◆ **Your objective**: Extract from the entries below, exactly as given, only the lines from the line containing "こちらは冷蔵便で届きました。" to the line containing "[스포티비뉴스=대전, 곽혜미 기자]", both lines included.

◆ **Extracted information**:

-------

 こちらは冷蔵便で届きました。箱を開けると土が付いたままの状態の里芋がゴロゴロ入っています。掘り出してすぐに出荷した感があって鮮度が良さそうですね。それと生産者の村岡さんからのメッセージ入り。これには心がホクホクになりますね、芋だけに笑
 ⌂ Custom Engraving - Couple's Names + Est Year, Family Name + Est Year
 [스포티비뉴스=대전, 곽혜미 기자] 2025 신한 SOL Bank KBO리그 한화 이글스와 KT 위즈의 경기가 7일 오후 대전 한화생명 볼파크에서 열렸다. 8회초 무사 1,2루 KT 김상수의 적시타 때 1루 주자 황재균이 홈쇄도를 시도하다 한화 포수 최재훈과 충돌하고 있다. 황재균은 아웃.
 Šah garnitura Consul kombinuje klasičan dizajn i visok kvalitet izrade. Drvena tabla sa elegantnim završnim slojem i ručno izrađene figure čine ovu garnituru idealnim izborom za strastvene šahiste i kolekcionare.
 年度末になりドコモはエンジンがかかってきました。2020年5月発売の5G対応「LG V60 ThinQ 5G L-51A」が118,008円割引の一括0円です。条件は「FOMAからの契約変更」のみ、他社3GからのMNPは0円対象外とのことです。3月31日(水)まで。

-------

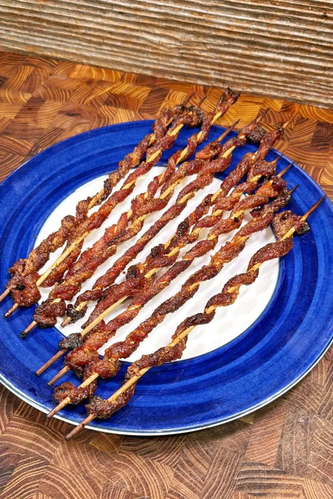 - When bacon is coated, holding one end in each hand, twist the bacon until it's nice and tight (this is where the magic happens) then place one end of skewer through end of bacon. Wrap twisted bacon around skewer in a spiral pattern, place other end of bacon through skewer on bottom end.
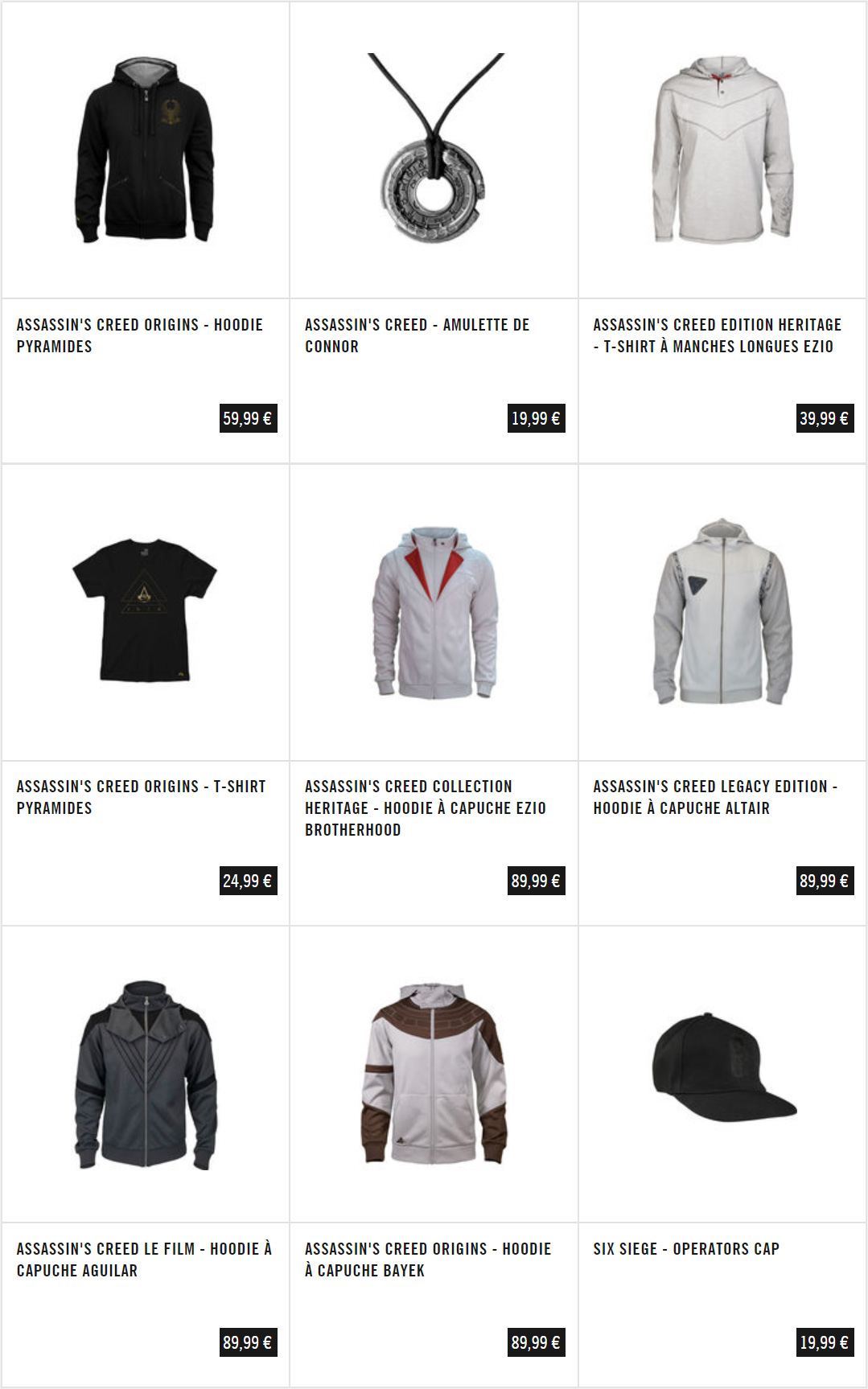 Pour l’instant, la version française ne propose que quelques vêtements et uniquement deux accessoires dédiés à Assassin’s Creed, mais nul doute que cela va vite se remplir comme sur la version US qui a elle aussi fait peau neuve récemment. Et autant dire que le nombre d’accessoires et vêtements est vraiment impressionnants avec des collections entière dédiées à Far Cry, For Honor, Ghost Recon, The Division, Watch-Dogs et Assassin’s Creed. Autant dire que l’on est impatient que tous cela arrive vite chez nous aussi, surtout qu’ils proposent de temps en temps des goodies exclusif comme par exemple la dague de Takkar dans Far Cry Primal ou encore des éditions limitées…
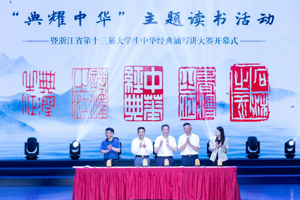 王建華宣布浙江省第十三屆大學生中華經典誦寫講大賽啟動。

-------

◆ **The completed task**:
 こちらは冷蔵便で届きました。箱を開けると土が付いたままの状態の里芋がゴロゴロ入っています。掘り出してすぐに出荷した感があって鮮度が良さそうですね。それと生産者の村岡さんからのメッセージ入り。これには心がホクホクになりますね、芋だけに笑
 ⌂ Custom Engraving - Couple's Names + Est Year, Family Name + Est Year
 [스포티비뉴스=대전, 곽혜미 기자] 2025 신한 SOL Bank KBO리그 한화 이글스와 KT 위즈의 경기가 7일 오후 대전 한화생명 볼파크에서 열렸다. 8회초 무사 1,2루 KT 김상수의 적시타 때 1루 주자 황재균이 홈쇄도를 시도하다 한화 포수 최재훈과 충돌하고 있다. 황재균은 아웃.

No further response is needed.